Would we ever talk about something being 'dadsy'?

Yeah, actually Grin Dad-dancing and comfy cardigans.

DameDiazepamTheDramaQueen · 28/11/2014 22:26

Bod - that's awful! My mum who is 65 is more computer savvy than I am and would be perfectly capable of increasing the font size if needed on her swanky new iPad, her eyesight is better than mine as it goes too so it's more likely to be me that needs bigger font Hmm

Mehitabel6 · 28/11/2014 22:33

Now that Scone has highlighted where MN used 'unsolicited advice from old biddies on buses* in 'Mumsnet Rules' it would be nice to have a comment on why they thought it was acceptable, and what relevance age had, if advice is unsolicited.

LouiseBrooks · 28/11/2014 22:34

Over 30 is an old biddy? FFS! I will be 60 in two years and have no idea how that happened. I am older yes, no doubt but old? No way. Society is very ageist especially with regard to women. I am consoled by the fact that these younger people will one day be as old as me if they are lucky. The downside of course is that by then I will be six feet under. Smile

What really gets me though is that no they haven't experience being old yet but they have parents who are! Whenever I see an old lady (I mean someone in their 70s plus) I always think of my DM who died 20 years ago and think about how I would have liked people to treat her.

Samcro · 28/11/2014 22:36

"Christina22xx Fri 28-Nov-14 21:27:12
Yes I will be over 30 aNd know im old so not to insult others who are too
Over 30 is old you have no right to insult others on age.
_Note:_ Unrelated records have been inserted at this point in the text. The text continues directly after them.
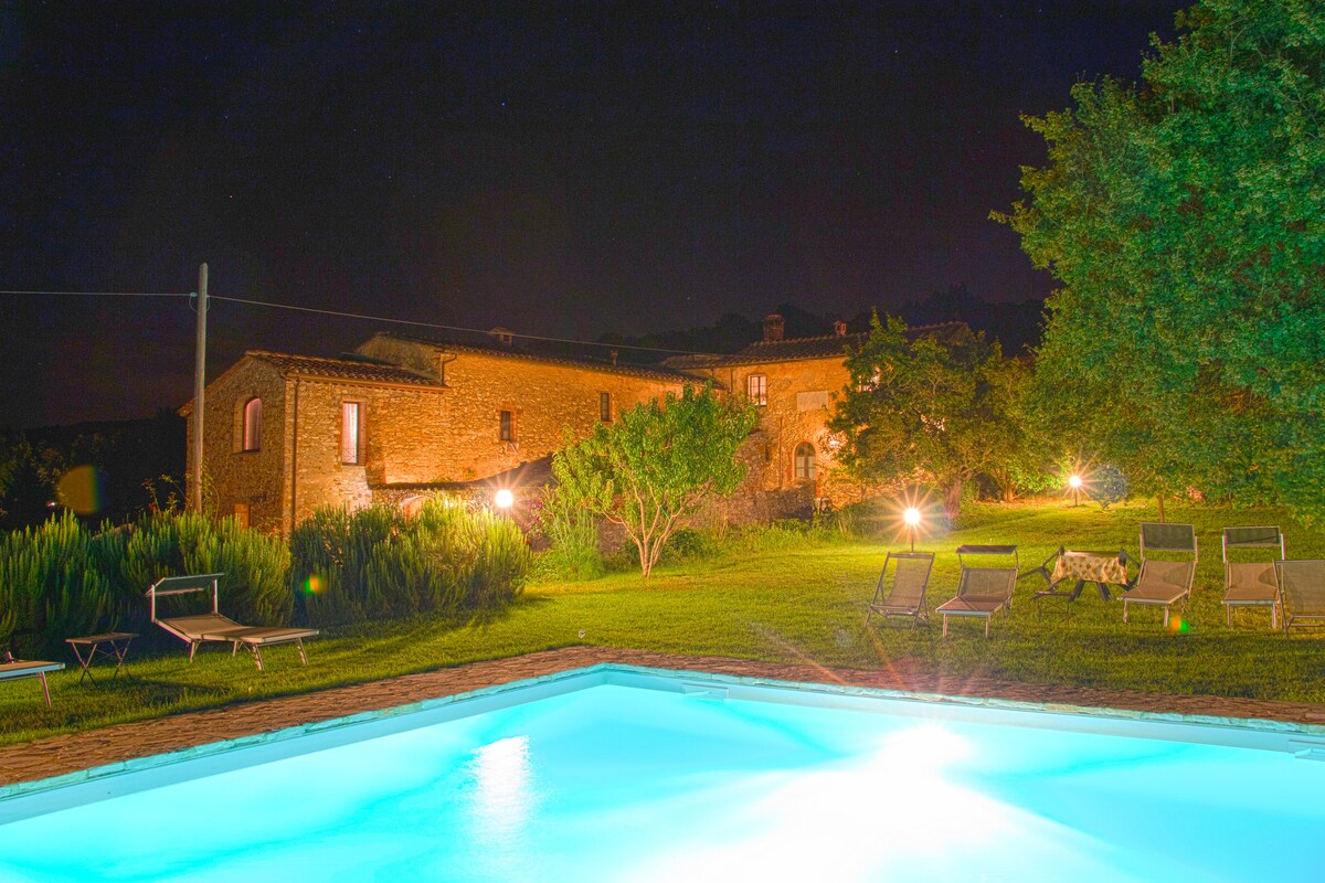 Dit mooie appartement maakt deel uit van onze oude boerderij uit de XVI eeuw en bestaat uit: 1 slaapkamer (tweepersoonsbedden of twee eenpersoonsbedden), 1 badkamer, 1 grote woonkamer met keuken en een buitenwoonkamer die alleen voor jou is gereserveerd. Geniet van het zwembad en het prachtige uitzicht op het Sienese platteland. Profiteer van al onze services: ontbijt, typisch diner, kookles, picknicken en meer ... Siena ligt op slechts 15 minuten rijden!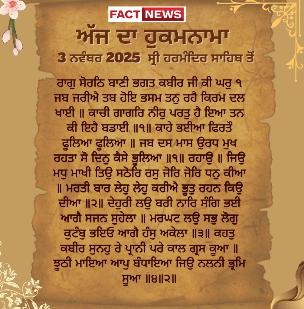 ਅੱਜ ਦਾ ਹੁਕਮਨਾਮਾ, ਸ੍ਰੀ ਦਰਬਾਰ ਸਾਹਿਬ, ਅੰਮ੍ਰਿਤਸਰ (3 ਨਵੰਬਰ 2025)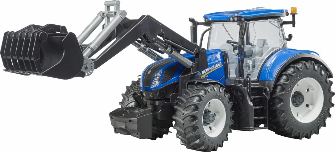 ''In moderneren Landwirtschaftsbetrieben sind starke Traktoren notwendig. Deshalb wurde die Baureihe T7 Heavy Duty von New Holland mit dem Fokus auf Vielseitigkeit und Stärke konzipiert. Bis zu 313 PS lassen sich beim neuen New Holland für den Einsatz von schwersten Arbeitsgeräten abrufen. Damit ist der Traktor stark genug für Zugarbeiten, Bodenbearbeitung, Ballenpressen und Transporte. In Sachen Design, Funktionalität und Qualität steht das neue Modell von BRUDER im Maßstab 1:16 dem Vorbild in nichts nach, getreu dem Motto - just like the real thing. Die Fahrerkabine ist voll verglast und die Türen sind einfach zu öffnen. Die aufklappbare Motorhaube gewährt Einblick auf den imposanten Motor. Ausgezeichnete Steuerbarkeit und Fahrkomfort werden durch die eingebaute Pendelachse und die durch das Schiebedach einsetzbare Lenkverlängerung erreicht. Für noch mehr Spielwert ist bei diesem Modell ein voll funktionsfähiger Frontlader montiert. Optional können Zwillingsreifen (Art.-Nr. 03317) angebracht werden. Durch die höhenverstellbare Heckkupplung passen an diesen Traktor alle landwirtschaftlichen Anhänger und landwirtschaftlichen Arbeitsgeräte aus dem Hause BRUDER. Für noch mehr Spielspaß sind die neuen, abnehmbaren Räder angebracht. Die Erweiterung durch Figurenset Werkstatt (Art.-Nr. 62100) erhöht nochmals den Spielwert dieses tollen Artikels, ebenso kann optional ein Light <(>&<)> Sound Module (Art.-Nr. 02802) angebracht werden.''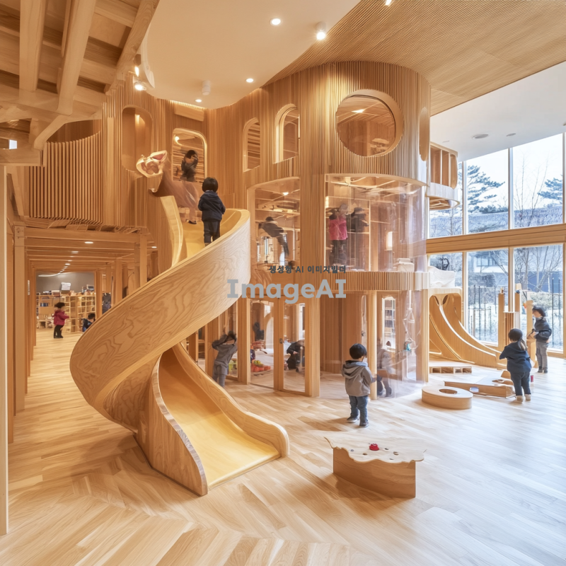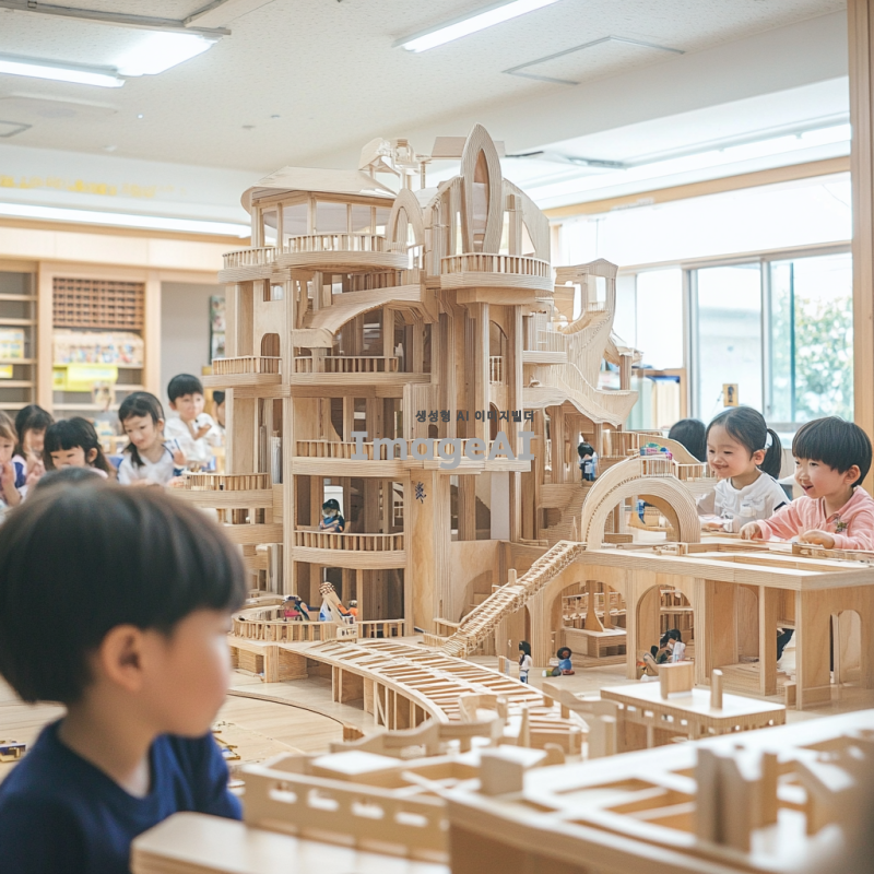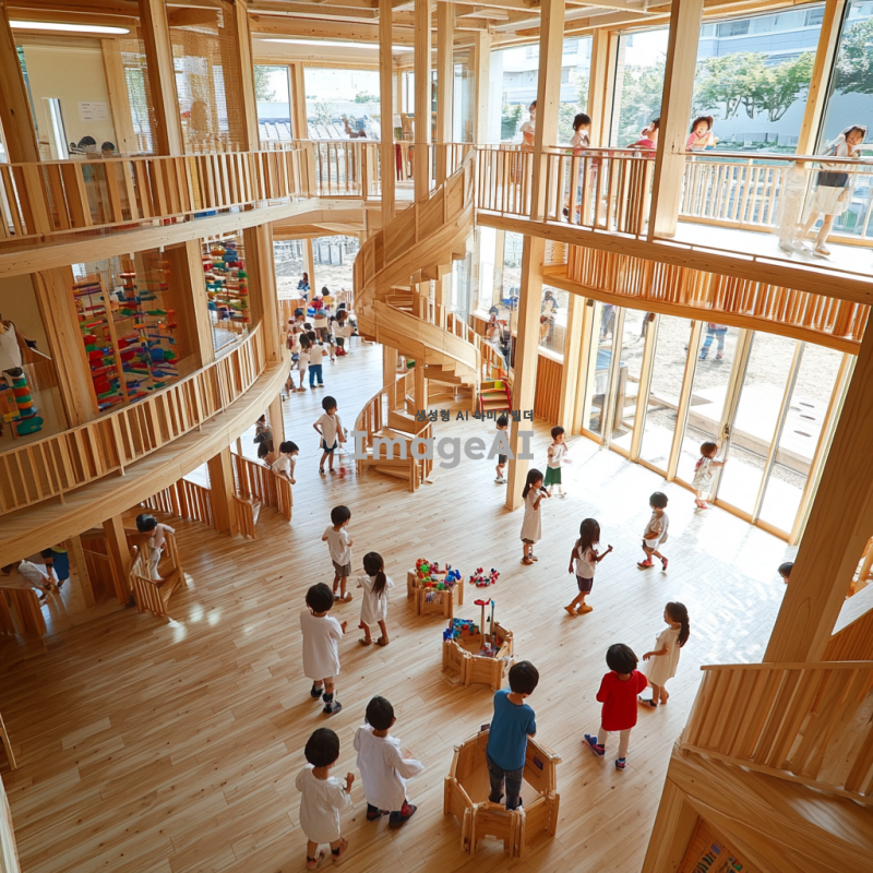 초등학교 영재 아이들이 나무 카프라로 쌓은 4층 높이의 건물과 전망대, 곡선의 아름다움을 강조한 디자인, 창의적이고 독창적인 구조, 자연스러운 나무의 색감과 질감을 살린 모습, 아이들이 즐겁게 참여하는 모습, 밝고 활기찬 분위기.

Simple as n grow up"

WTF does that mean??
my ds is in his 20's but he can string a sentence together. !!

Mehitabel6 · 28/11/2014 22:38

My mother is in her 90s- her mind is as sharp as it ever was- and with her wealth of experience she should be a person whose opinion is worth hearing, rather than a person 'written off' as obsolete.

Tobyjugg · 28/11/2014 22:39

I'm with you drudge, Gransnet does seem a bit slow by comparison.

drudgetrudy · 28/11/2014 22:43

Scone -that's the really serious side of it.
People are joking about being old at 30 (at least I think its a joke) but the older you get the less you are perceived as fully human .
At 55 you start to feel invisible at work, at 65 the "old biddy" stuff starts, at 80 you are not worth any respect at all. If you become physically or mentally frail you are vulnerable to abuse as you are actually a bit of a joke. Nice! That's why I feel calling it out where we see it is important.